## PROBLEM DESCRIPTION
What you write should be an exact repeat of the lines from the one with "Yes, actual vintage" through the final line below, minus the pictures.
════════
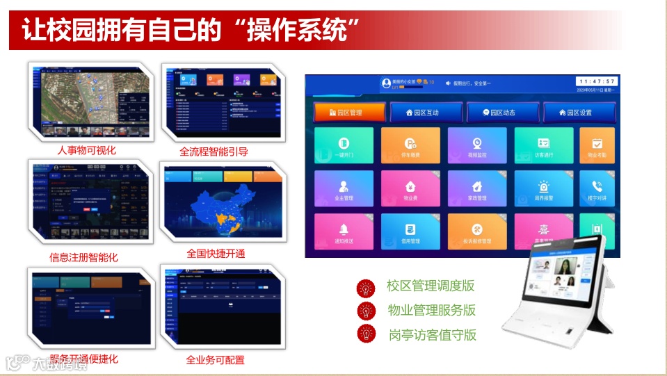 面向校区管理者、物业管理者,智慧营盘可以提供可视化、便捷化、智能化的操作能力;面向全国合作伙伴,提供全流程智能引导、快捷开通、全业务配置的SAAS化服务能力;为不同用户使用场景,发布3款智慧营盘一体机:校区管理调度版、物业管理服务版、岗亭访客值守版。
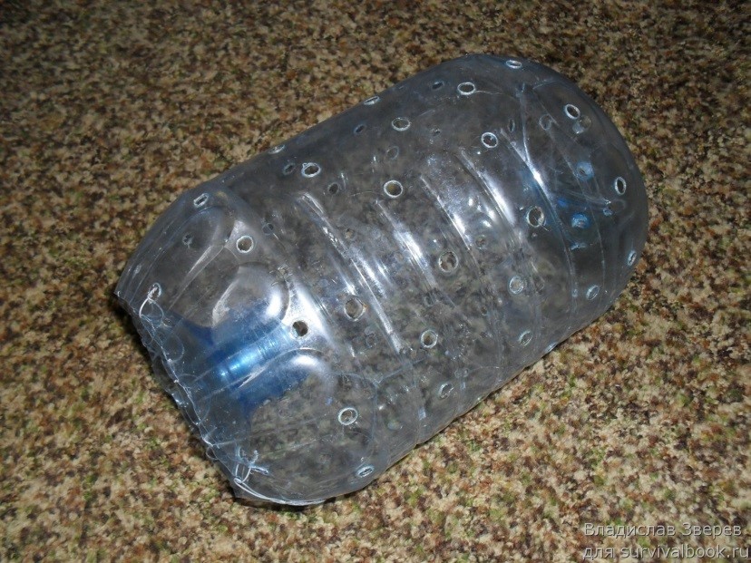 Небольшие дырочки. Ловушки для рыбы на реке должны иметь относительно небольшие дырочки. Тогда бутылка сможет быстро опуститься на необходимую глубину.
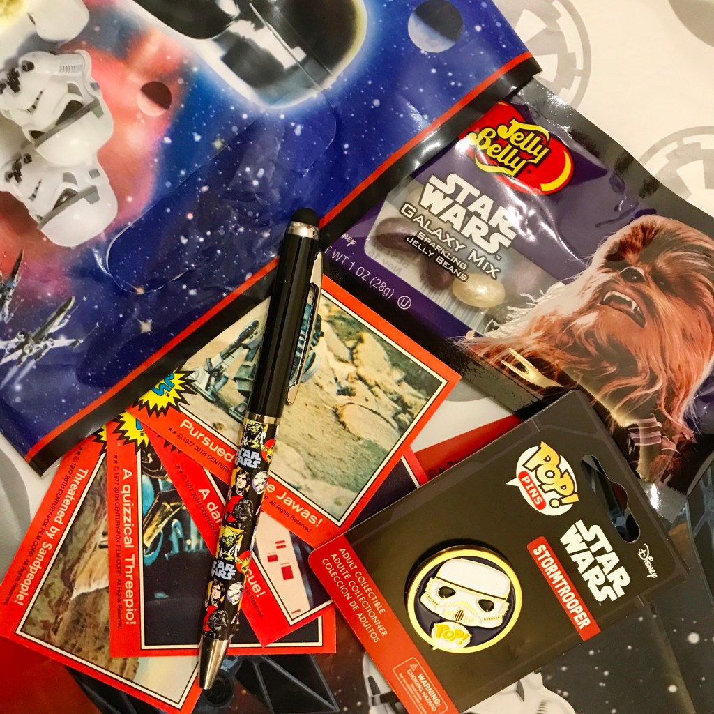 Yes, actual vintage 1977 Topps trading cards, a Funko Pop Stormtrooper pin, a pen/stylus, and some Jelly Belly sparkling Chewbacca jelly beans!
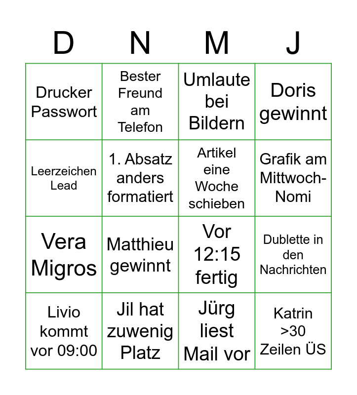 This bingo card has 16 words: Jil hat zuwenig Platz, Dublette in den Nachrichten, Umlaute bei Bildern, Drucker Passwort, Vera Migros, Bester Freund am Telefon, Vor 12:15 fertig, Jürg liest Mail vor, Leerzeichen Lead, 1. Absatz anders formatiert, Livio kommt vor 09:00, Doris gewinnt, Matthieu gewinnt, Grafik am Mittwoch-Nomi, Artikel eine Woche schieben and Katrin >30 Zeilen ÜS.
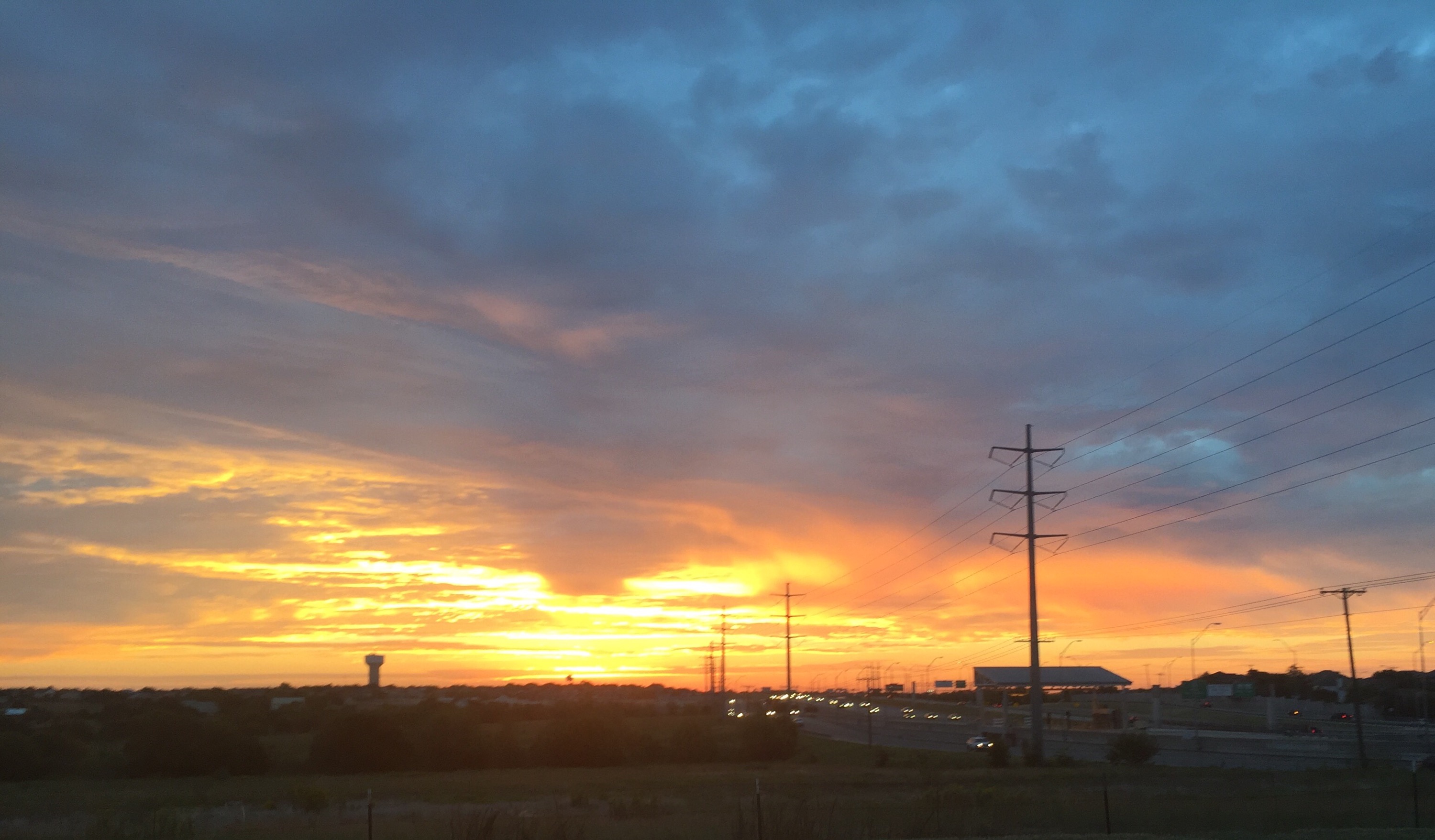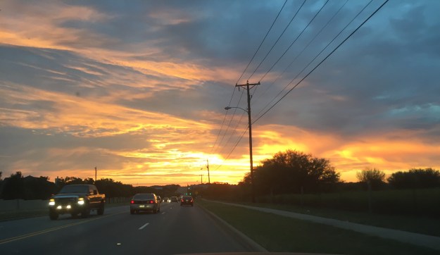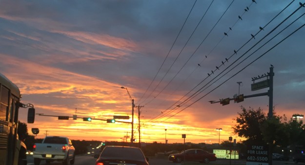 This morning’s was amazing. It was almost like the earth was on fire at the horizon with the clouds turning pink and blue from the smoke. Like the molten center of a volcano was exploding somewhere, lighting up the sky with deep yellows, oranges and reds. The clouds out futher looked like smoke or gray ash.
════════
## SOLUTION TO THE PROBLEM
 Yes, actual vintage 1977 Topps trading cards, a Funko Pop Stormtrooper pin, a pen/stylus, and some Jelly Belly sparkling Chewbacca jelly beans!
 This bingo card has 16 words: Jil hat zuwenig Platz, Dublette in den Nachrichten, Umlaute bei Bildern, Drucker Passwort, Vera Migros, Bester Freund am Telefon, Vor 12:15 fertig, Jürg liest Mail vor, Leerzeichen Lead, 1. Absatz anders formatiert, Livio kommt vor 09:00, Doris gewinnt, Matthieu gewinnt, Grafik am Mittwoch-Nomi, Artikel eine Woche schieben and Katrin >30 Zeilen ÜS.
 This morning’s was amazing. It was almost like the earth was on fire at the horizon with the clouds turning pink and blue from the smoke. Like the molten center of a volcano was exploding somewhere, lighting up the sky with deep yellows, oranges and reds. The clouds out futher looked like smoke or gray ash.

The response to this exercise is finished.